I felt that I ought to say something more to her, try to draw her out a little, but you can’t get through to Bad Tamara. Reason, subtle probing, the fatherly or mentor approach . . . none of it works. All you can do is ride out the storm until Good Tamara decides to come home again.
10
It didn’t take Tamara long to run the checks on the various individuals I’d encountered so far in the Abbott case. All but two had spotless records, the Pattersons among them unless you counted questionable ethics and business practices. The other two had only minor blemishes on their records, though one of the blemishes was of some potentially relevant interest.
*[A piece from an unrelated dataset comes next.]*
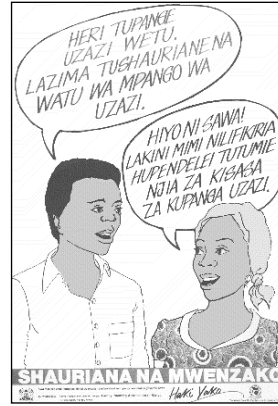
A poster promoting family

In December 1998, the project team asked a sample of women's group leaders to identify the civic education needs of their communities. These women were later invited to Nairobi, along with local chiefs, for a meeting. After the meeting, the group leaders began developing education materials. They chose posters as the best medium because of the semi-literate nature of their communities. The women identified 10 issues of concern, and those issues dictated the design of the posters.

Charley Doyle, the nephew, had been arrested twice, once on a D & D charge and once, five years ago, for causing a traffic accident while drunk that landed a forty-four-year-old Millbrae woman in the hospital with minor injuries. For the latter he’d paid a hefty fine and lost his driver’s license for a year; he was lucky the injured woman hadn’t sued him. Mrs. Alvarez’s brother, Leonard Crenshaw, was a parking scofflaw—twenty-two unpaid parking tickets dating back several years—and had been arrested once at age eighteen on a charge of malicious mischief. He and two other dummies had broken into an abandoned house in the Excelsior District and trashed it for no reason other than pure deviltry. A judge had ordered him and his cohorts to pay damages and sentenced them to two hundred hours each of community service.
Once a vandal, always a vandal? Pretty thin, but something to keep in mind just the same. And to ask Helen Alvarez and Crenshaw about the next time I saw them.
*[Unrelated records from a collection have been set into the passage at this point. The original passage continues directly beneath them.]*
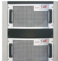
Sputtering Power Supply 溅射电源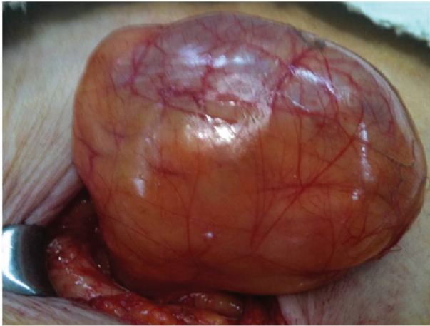
Figure 2. The extracted tumor is covered with adipose tissue, thin membranous capsule, and serous fluid collection.

and the patient was discharged from the hospital in good condition.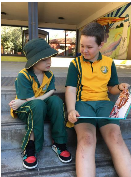
5 Green students reading with Aspect students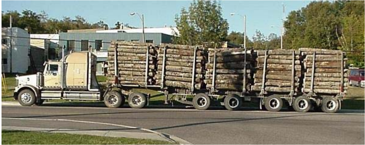
Figure 2 – Logging Truck, Loaded With 8-Foot (2.4 m) logs.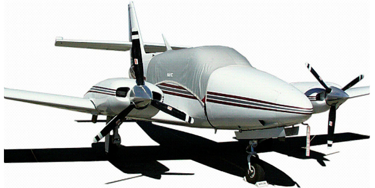
Cessna Crusader Standard Canopy Cover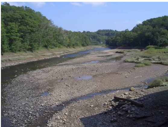
Figure 3. Upstream of crossing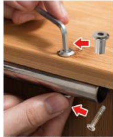
15. Mount the bracket and cabinet with a combination of round screws.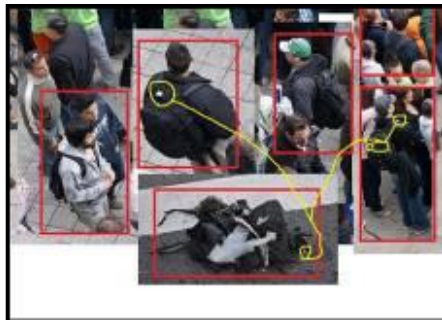
How US authorities traced potential perpetrators of the Boston Marathon attack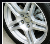
Aftermarket Wheels with no Surcharges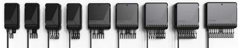
2-, 4-, 6-, 8-, 12-, and 16-Port Stubbed Terminals

A quarter of the size of conventional preconn products, Evolv terminals are designed to go anywhere — on poles, façades, strands, in pedestals and handholes. Maximize the flexibility and minimize the stress of your FTTx deployment.

At a little after three I drove out to Dependable Glass Service, on Mission a half mile or so beyond the San Francisco–Daly City line, to see what I could find out from Charley Doyle. I’d been told he’d be back in the shop by three thirty, and he had been. But then he’d immediately signed out for the day; I missed him by five minutes. Glaziers evidently had the same sweetheart thirty-six-hour workweek as plumbers and other union tradespeople.
I told one of the office workers that I needed to talk to Doyle on an urgent matter regarding his aunt. That bought me his home address, which was also in Daly City. In my car I looked up the street and a route on one of the sheaf of maps I keep in the glove box. Newer cars nowadays are equipped with GPS navigators that make printed maps pretty much obsolete; Kerry has one in hers. But mine is fifteen years old, and even when I trade it in, as I figure I’ll need to do fairly soon, it’ll likely be for a used pre-GPS model. I’m a Luddite when it comes to modern technological advancements. A lighted computer screen on my dashboard and a disembodied mechanical voice giving me directions and chastising me if I didn’t follow them to the letter would only make me uncomfortable. I prefer to get my directions the old-fashioned way.